What was I supposed to do about
them
?

I couldn’t do
every
thing, could I?

I wasn’t God.

I was just a kid . . .

And besides
, I told myself,
at least you’re
trying
to do
some
thing about
some
of the bad stuff, the stuff that happened to Lucy . . . and that’s a hell of a lot more than God ever does. I mean, God does fuck all, doesn’t he? He just sits there, luxuriating in all his superpowers, demanding to be adored . . .

It was 22:42:44 now, and the night was getting colder. I pulled up my hood and turned on my iSkin, warming myself with the electric heat . . . and as I gazed down over the edge of the roof, I wondered what I looked like from down below — a softly glowing figure, sitting cross-legged on the top of a tower block . . .

Like some kind of weird hooded Buddha . . .

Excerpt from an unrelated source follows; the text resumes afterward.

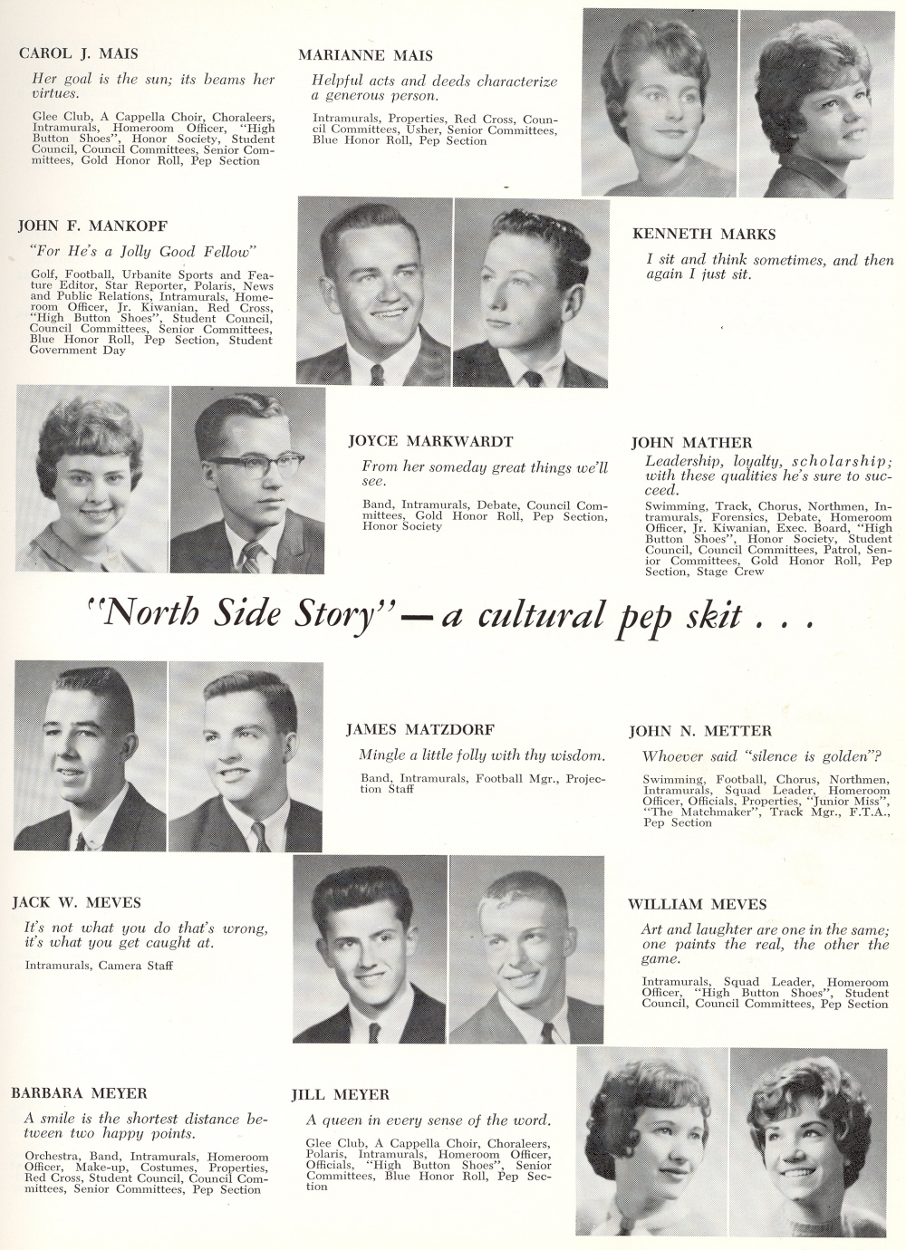 1963 Sheboygan North High School, Page 51: Carol Mais, Marianne Mais, John Mankopf, Kenneth Marks, Joyce Markwardt, John Mather, James Matzdorf, John Metter, Jack Meves, William Meves, Barbara Meyer, Jill Meyer.

A skinny, glow-in-the-dark iBuddha.

Or maybe an iGargoyle.

I closed my eyes again and opened up my Facebook page. There were two messages from aGirl: an old one that said
have you gone?
and a slightly longer one from five minutes ago. The longer one read:

sorry if i asked too many questions and scared you off or anything, but i was just curious about you. you have to admit you’re kind of unusual! it’s ok, i mean you don’t have to tell me anything and i won’t ask you anything else if that’s what you want. but please don’t go away. we can just talk about things.

aGirl

Lucy was online right now, so I wrote back:

no, it’s ok, you didn’t scare me away, i was just a bit busy for a while. i’m back now. so, anyway, how are you feeling? you don’t sound quite so down as before. are things a bit better for you?

hello again, iBoy. i’m glad you’re back. no, things aren’t really any better for me, and i don’t think they ever will be, but i don’t feel quite so empty and dead anymore. i think talking helps. talking to you, of course. and i have a friend called tom who is very kind and listens to me. can i ask you something about the boy you nearly pushed out the window? do you know what he did to me?

yes.

were you really going to push him out?

i don’t know. what would you think if i said yes?

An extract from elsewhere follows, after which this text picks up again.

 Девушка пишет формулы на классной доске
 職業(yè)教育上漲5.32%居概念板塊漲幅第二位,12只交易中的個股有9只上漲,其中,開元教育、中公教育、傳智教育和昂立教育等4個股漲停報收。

i don’t know. part of me thinks he deserves to die, but another part says no, that’s wrong. do you know what i mean?

yes, i know exactly what you mean.

let’s talk about something else.

ok. what?

where are you?

i’m sitting in the sky.

yeah, right. what’s your real name?

i’ll answer that if you tell me about tom.

what about him?

is he your boyfriend?

no! i’ve known tom forever, we grew up together. he’s not my boyfriend, he’s just a very close friend. i like him a lot, and i think he likes me, but i don’t think he likes me in that kind of way. he just cares for me. i care for him too. he’s quite a sad person, i think.

maybe he likes you more than you think. maybe he just can’t work out how to tell you.

maybe . . . what’s it to you anyway?

nothing. i was just curious.

all right, so i answered your question. now you answer mine. what’s your real name?

you already know it.

see you later.

iBoy

I closed myself down, opened my eyes, and carefully got to my feet. I took one last look over the edge of the roof, then I turned round and went home.